Os pecados dos quais Fernando Henrique é acusado pelos que sempre foram seus inimigos políticos e pelos que deixaram de ser amigos são numerosos demais para caber numa mera página de revista. Há alguma coisa errada no Brasil? Deu problema? Está com defeito? A culpa é dele, e ainda não deu tempo para consertar. Entende-se melhor o espírito da coisa quando se verifica que a acusação talvez mais repetida descreve o ex-presidente como “arrogante” ou “vaidoso” - uma escolha realmente infeliz de palavras, pois comparado ao seu sucessor nesse quesito, justo nesse, o homem chega a parecer um monge trapista.
Mais que tudo, porém, foi vendida e comprada a lenda segundo a qual ele deixou o país “em ruínas” e passou uma “herança maldita” para o presidente atual. Mas o que aconteceu no mundo dos fatos foi exatamente o contrário. A verdade é que pouco do que existe de positivo no Brasil de hoje não está ligado, de alguma forma, aos dois períodos de Fernando Henrique na Presidência. Não é preciso complicar as coisas. Foi seu governo que finalmente encarou e venceu a inflação no Brasil - ou teria sido algum outro?

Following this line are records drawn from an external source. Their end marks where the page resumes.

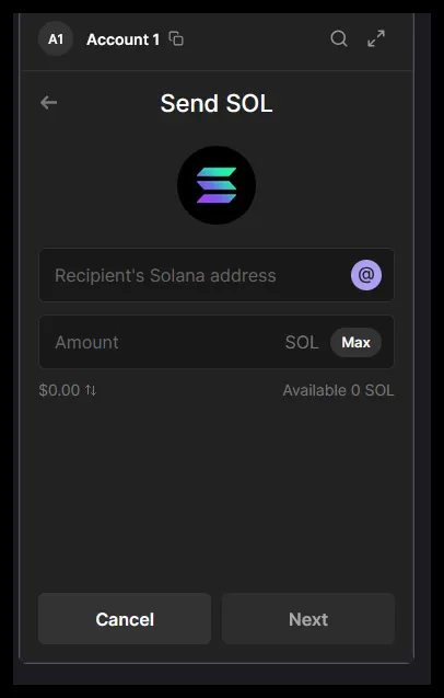 Para enviar fondos usando tu extensión de navegador Phantom, elige la criptomoneda que deseas enviar, ingresa la dirección del destinatario y especifica la cantidad. Phantom también permite a los usuarios crear nombres o handles personalizados que pueden usarse en lugar de la dirección de criptomonedas larga y compleja. Usar un handle hace las transacciones más fáciles y reduce el riesgo de errores al ingresar una dirección.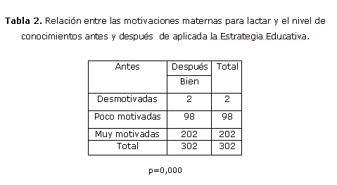 3. Después de la intervención, todas las embarazadas habían adquirido buenos conocimientos, una adecuada actitud y gran motivación acerca de la lactancia materna.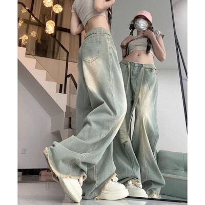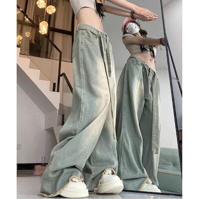デニムパンツ デニムパンツ ワイド バギー ロング ゆったり サンド 太め レディース 韓国ファッション 大きいサイズ ストリート ヒップホップ 体型カバー 衣装

Em cima desse alicerce, no qual não se mexeu em nada, foi construída a casa que está de pé até hoje, a começar pelos aumentos reais de renda que tiraram milhões de brasileiros da pobreza e que agora são descritos como a maior conquista da história nacional.
Para isso não há perdão.
*Voltei: Este texto, segundo entendo, tem um só defeito, hehe: não fui eu que o escrevi. E adoraria tê-lo feito. Foi publicado na VEJA desta semana. O autor é o jornalista José Roberto Guzzo, colunista da revista, membro do Conselho Editorial da Abril e um dos melhores textos da imprensa brasileira.